# Assignment
Only one span of the material below is wanted. Output it exactly, from the line with "Bij het ‘coilen’" through the line with "سياسةمؤتمر صحوة العراق: التحريض", without any pictures.

# Task input
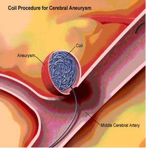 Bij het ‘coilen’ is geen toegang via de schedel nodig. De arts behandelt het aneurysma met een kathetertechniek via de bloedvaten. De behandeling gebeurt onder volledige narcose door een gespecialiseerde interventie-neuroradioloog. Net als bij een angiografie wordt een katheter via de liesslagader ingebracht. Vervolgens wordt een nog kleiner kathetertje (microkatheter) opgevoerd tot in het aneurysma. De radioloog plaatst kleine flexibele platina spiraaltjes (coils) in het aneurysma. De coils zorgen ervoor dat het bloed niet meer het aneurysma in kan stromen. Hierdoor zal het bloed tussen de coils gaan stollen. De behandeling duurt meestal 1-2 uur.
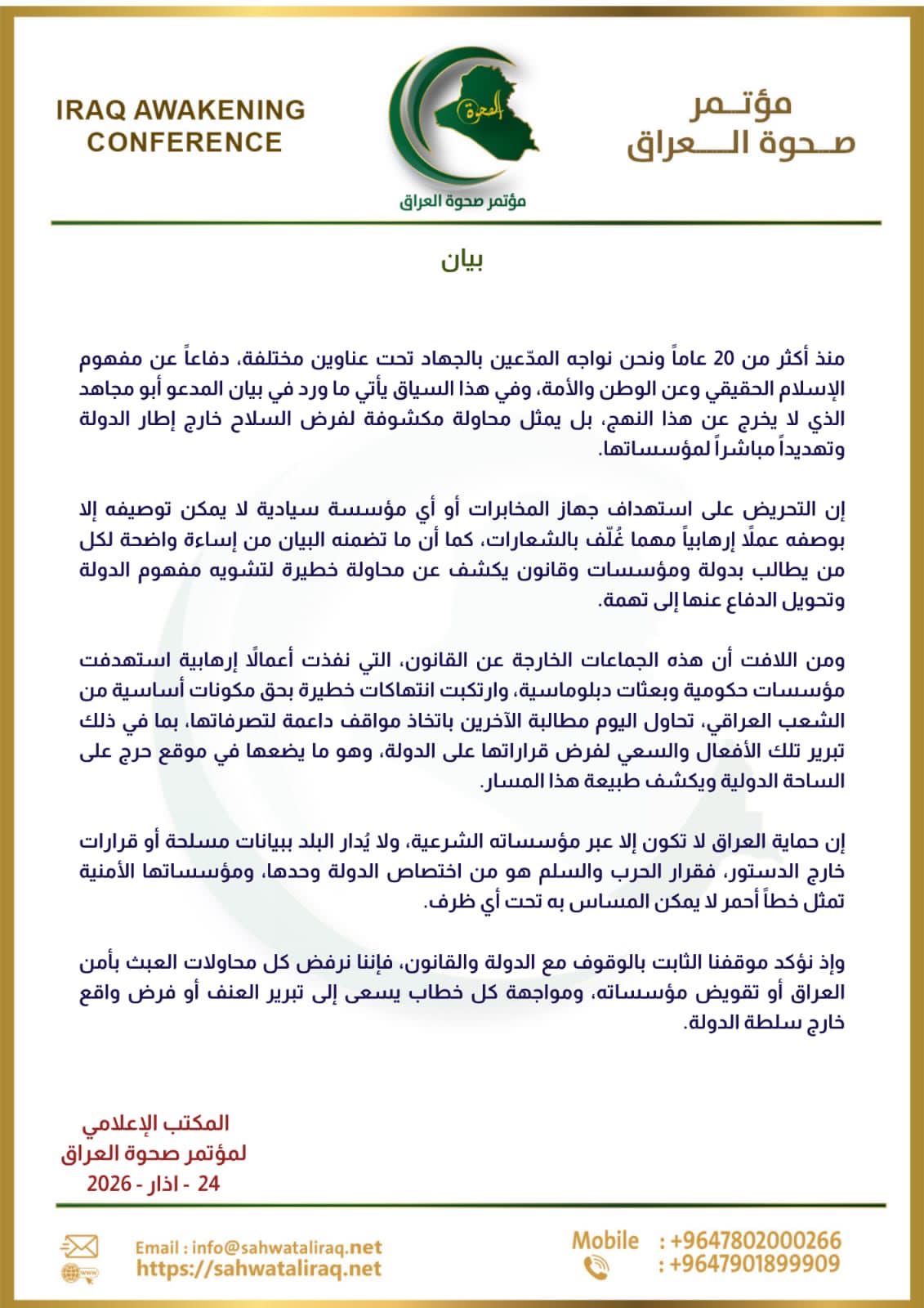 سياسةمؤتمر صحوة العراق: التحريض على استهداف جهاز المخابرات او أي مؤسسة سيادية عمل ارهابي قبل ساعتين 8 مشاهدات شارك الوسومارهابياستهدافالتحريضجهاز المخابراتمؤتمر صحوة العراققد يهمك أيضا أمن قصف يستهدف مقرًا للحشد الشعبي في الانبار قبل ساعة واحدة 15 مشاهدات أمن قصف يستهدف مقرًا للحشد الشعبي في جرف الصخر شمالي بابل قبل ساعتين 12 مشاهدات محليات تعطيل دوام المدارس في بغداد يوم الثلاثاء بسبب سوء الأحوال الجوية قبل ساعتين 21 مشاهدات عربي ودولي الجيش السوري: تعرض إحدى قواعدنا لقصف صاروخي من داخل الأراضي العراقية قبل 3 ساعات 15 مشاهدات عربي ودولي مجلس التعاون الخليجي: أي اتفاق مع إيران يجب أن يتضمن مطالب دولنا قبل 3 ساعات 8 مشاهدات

==

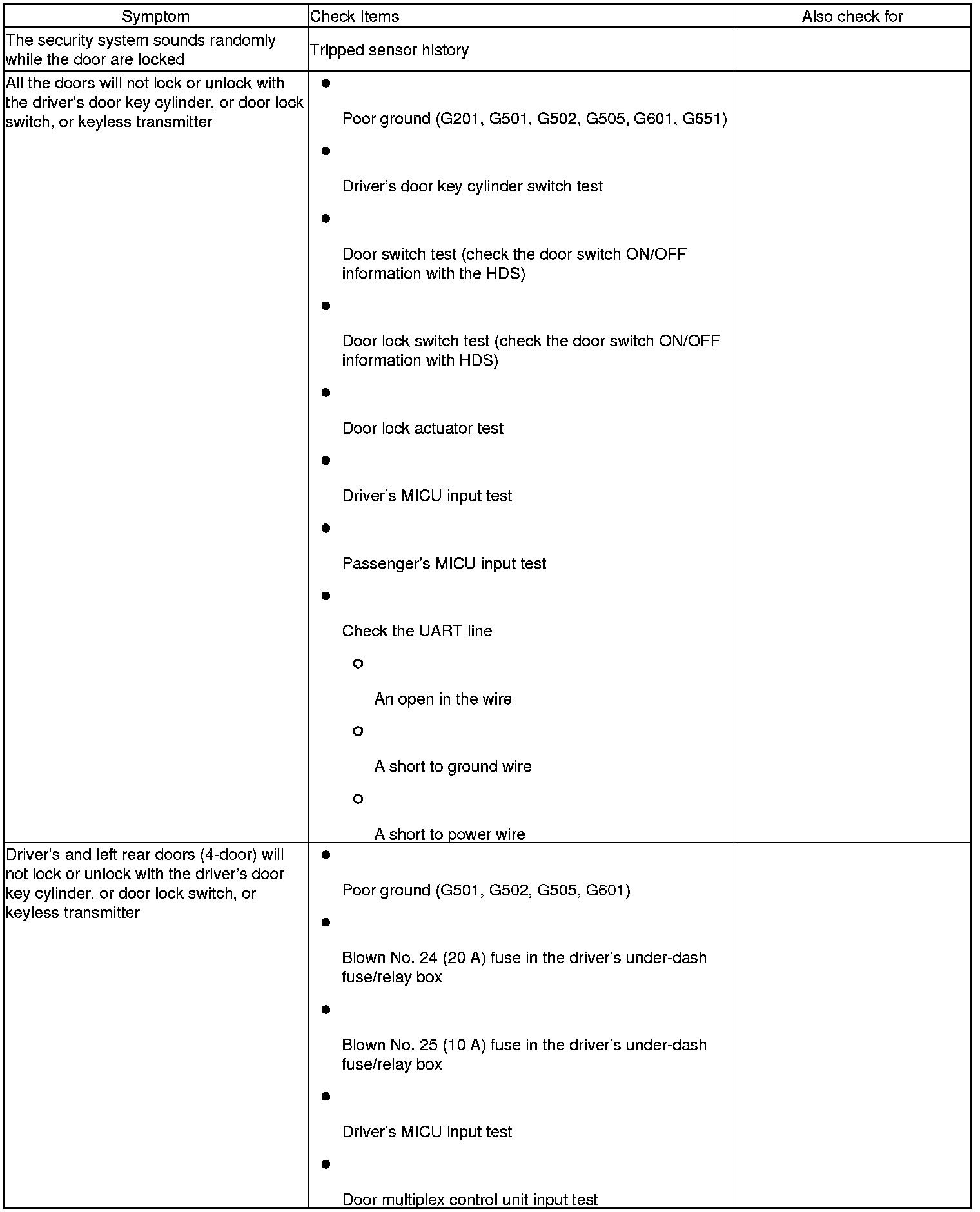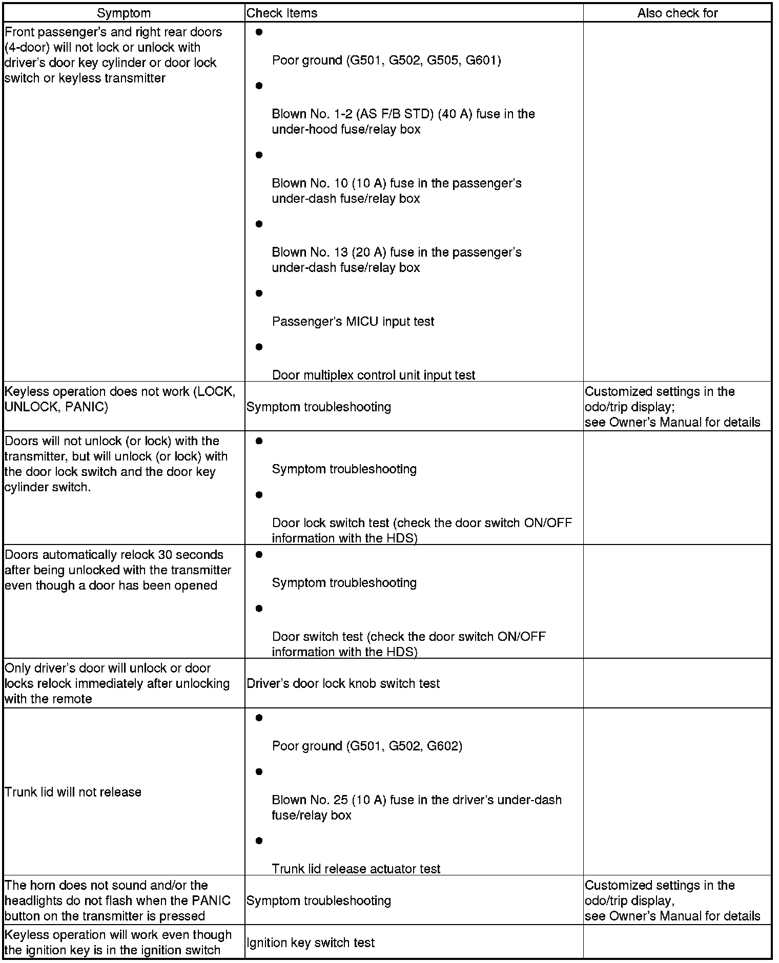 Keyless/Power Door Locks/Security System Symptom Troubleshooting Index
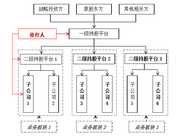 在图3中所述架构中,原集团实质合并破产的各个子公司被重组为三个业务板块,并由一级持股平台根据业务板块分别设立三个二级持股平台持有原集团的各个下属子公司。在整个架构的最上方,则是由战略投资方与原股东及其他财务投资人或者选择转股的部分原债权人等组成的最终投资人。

# Solution for this exercise
 Bij het ‘coilen’ is geen toegang via de schedel nodig. De arts behandelt het aneurysma met een kathetertechniek via de bloedvaten. De behandeling gebeurt onder volledige narcose door een gespecialiseerde interventie-neuroradioloog. Net als bij een angiografie wordt een katheter via de liesslagader ingebracht. Vervolgens wordt een nog kleiner kathetertje (microkatheter) opgevoerd tot in het aneurysma. De radioloog plaatst kleine flexibele platina spiraaltjes (coils) in het aneurysma. De coils zorgen ervoor dat het bloed niet meer het aneurysma in kan stromen. Hierdoor zal het bloed tussen de coils gaan stollen. De behandeling duurt meestal 1-2 uur.
 سياسةمؤتمر صحوة العراق: التحريض على استهداف جهاز المخابرات او أي مؤسسة سيادية عمل ارهابي قبل ساعتين 8 مشاهدات شارك الوسومارهابياستهدافالتحريضجهاز المخابراتمؤتمر صحوة العراققد يهمك أيضا أمن قصف يستهدف مقرًا للحشد الشعبي في الانبار قبل ساعة واحدة 15 مشاهدات أمن قصف يستهدف مقرًا للحشد الشعبي في جرف الصخر شمالي بابل قبل ساعتين 12 مشاهدات محليات تعطيل دوام المدارس في بغداد يوم الثلاثاء بسبب سوء الأحوال الجوية قبل ساعتين 21 مشاهدات عربي ودولي الجيش السوري: تعرض إحدى قواعدنا لقصف صاروخي من داخل الأراضي العراقية قبل 3 ساعات 15 مشاهدات عربي ودولي مجلس التعاون الخليجي: أي اتفاق مع إيران يجب أن يتضمن مطالب دولنا قبل 3 ساعات 8 مشاهدات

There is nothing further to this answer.